The essence of political sustainability, simply put, lies in maintaining a balanced and compatible relationship between the state and society over a prolonged period of time. The Qing dynasty faced a major bottleneck in achieving this sustainability during the late Qianlong reign as the outbreak of a series of rebellions marked the grim transition from the “period of political dividend” to the “period of political debt.” This crisis-ridden period saw an overloaded state under the threat of an ungovernable society, both of which had become “a system working near the limit of what was possible by pre-modern means,” as noted by Mark Elvin (Reference Elvin1973, p. 309). Since the Tang dynasty (618–907), China's imperial government apparatus had been a minimalist one vis-à-vis its expanding population, society, and territory. This structural limitation was largely due to the long-standing influence of Confucian state ideology, which emphasized the importance of small government and low taxation. It was also exacerbated by a series of trans-dynastic social-economic changes, like demographic growth, commercialization, migration, and frontier expansion, that interacted and reinforced one another. By the late eighteenth century, these large-scale and deep-seated transformations had created proliferating complexity that not only overwhelmed the organizational capacities of the Qing state but also strained the basic bond and livelihood of local societies. The most precarious problem was a long-term downward shift in the ratio of resources (both natural and political) to population. Land shortage, in particular, contributed directly to growing immiseration and instability in the rural areas (Jones and Kuhn Reference Jones and Kuhn1978, pp. 107–8; Wang Reference Wang2014, pp. 6–7).

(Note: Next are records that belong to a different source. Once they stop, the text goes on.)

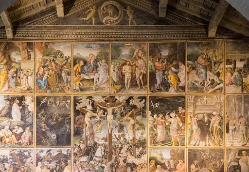 Read moreavevo già visto questa bellissima chiesa e ci sono tornato in occasione della mostra dedicata a Gaudenzio Ferrari per ammirare ancora una volta il bellissimo ciclo di affreschi che si trova sulla parete che separa la parte destinata ai religiosi da quella dove sostavano i fedeli. realizzata a fine '400 Santa Maria delle Grazie si trova a circa 100 metri dal Palazzo dei Musei, altra sede della mostra, e proprio di fronte alla funivia che porta al vicino Sacro Monte - anch'esso incluso nel percorso di visita della mostra -. sorge accanto alla piazza Ferrari, dove campeggia una statua dedicata al pittore. sul lato opposto si può vedere la casa dove soggiornò qualche anno. gli affreschi , da lui realizzati nel 1513, tengono tutta la grande parete e raccontano in 21 riquadri storie della vita del Cristo, con alcune parti in rilievo che rendono ancora più scenografiche le scene. al centro campeggia una grande Crocifissione. sotto la parete, nella parte sinistra, in una nicchia, vi sono altri affreschi realizzati dal Ferrari. la nicchia di destra è meno leggibile. per il periodo della mostra è stato allestito un ponteggio decisamente brutto da vedere ma che al contempo consente di visionare più da vicino il grande affresco. sulla sinistra si trovano 5 piccoli pannelli informativi che illustrano altrettante chiese dove si possono ammirare apparati decorativi simili. per accedere al ponteggio occorre dotarsi del biglietto che si può fare al palazzo dei musei. costa 15€ e dà accesso al museo, al ponteggio e alla funivia. gratis con abbonamento musei. la chiesa, sempre aperta anche in altri periodi, fino al 16 settembre - data in cui si chiude la mostra - è visitabile dal martedì alla domenica dalle 10 alle 18. consigliatissima la visita abbinandola alle altre sedi della mostra - Sacro Monte, cappella di Loreto e palazzo...
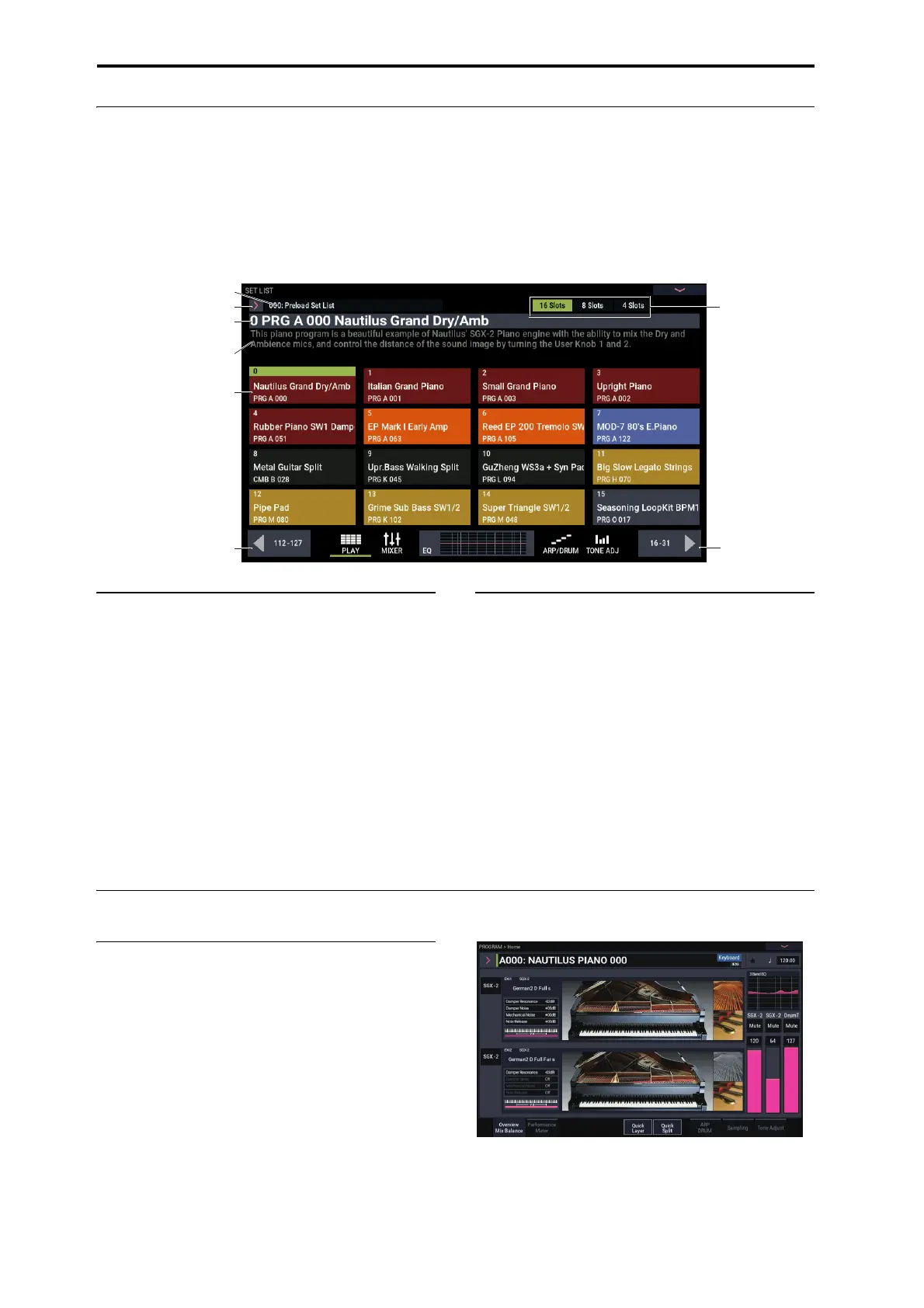 Hay 128 Set Lists, y cada Set List tiene 128 espacios. En
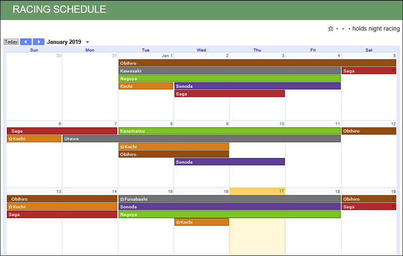 カレンダー上にそれぞれ色分けされた開催競馬場が表示され、開催場が一目で分かります。
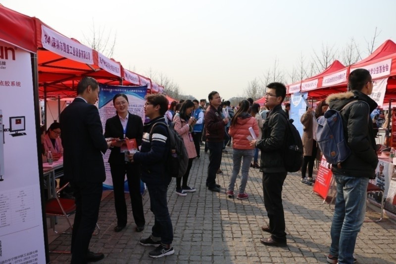 早上9:30,双选会正式开始。不少用人单位早在8点半左右就开始陆续进场,报到处排起了长队。10点至11点,各家用人单位的展台前人头攒动,二源广场的招聘活动逐渐达到高潮。不仅用人单位在不遗余力地招揽人才,前来应聘的同学也在积极寻找适合自己的岗位。火红的帐篷前用人单位和学生的交流气氛热烈,和谐有序,醒目的凯发紫展牌吸引了不少学生驻足观看。

Tensions and dilemmas in imperial Chinese politics

To address the worsening structural dilemma mentioned above, Qianlong resorted to extreme measures in his later reign that proved counterproductive and unsustainable. On the one hand, he pursued heavy-handed social control through a series of draconian policies and misguided campaigns that overtaxed the state's limited resources and overburdened its minimalist governing systems. For example, his relentless and unrealistic efforts to eradicate heterodox sects (such as the White Lotus), secret societies (such as Heaven and Earth/Triads), salt smugglers, coin counterfeiters, and maritime bandits only served to radicalize these anti-state or non-state groups, making them even more powerful and dangerous (Wang Reference Wang2014, pp. 6–7). Under such circumstances, as sociologist Ho-Fung Hung points out, the last third of the Qianlong reign was characterized by a sharp increase in “state-resisting violence” and a corresponding decrease in non-antagonistic “state-engaging protest” (Reference Hung2011, pp. 102–3).

In addition to strengthening his grip over a restive society, Qianlong also tightened his hold on the increasingly entrenched and unresponsive bureaucratic machine by exercising his capricious imperial power. To understand this complex relationship between monarch and officials, it is necessary to unpack some of the underlying tensions and latent dilemmas that drove traditional Chinese politics. As suggested earlier, Confucianism played a major role in shaping imperial China and its political culture. This predominant ideology emphasized the importance of a unified, centralized state led by a wise and benevolent monarch who has a mandate from heaven. The ideal state was believed to be one where the sage ruler was assisted by loyal and virtuous scholar-officials, who would work tirelessly with the “Son of Heaven” to ensure the smooth functioning of the government and the well-being of the people. The reality of politics, however, was much less harmonious as the emperor and the officialdom were often locked in a “silent struggle” fueled by the hidden tension between arbitrary monarchical power and routine bureaucratic authority. This symbiotic yet fraught relationship was further complicated by the ambiguous nature of both imperial and bureaucratic power, which shared a fundamental ambivalence toward formal administrative rules, as will be explained below. As a result, officials often pursued their own interests and agendas, which could conflict with the goals of the emperor and his state. Conversely, the emperor could act capriciously and pursue personal desires unless effectively advised or compelled by the bureaucracy to act otherwise. This dynamic created a delicate balance of power, where both sides relied on the other to maintain stability but also constantly jockeyed for greater influence, autonomy, and control (Kuhn Reference Kuhn1990, p. 220).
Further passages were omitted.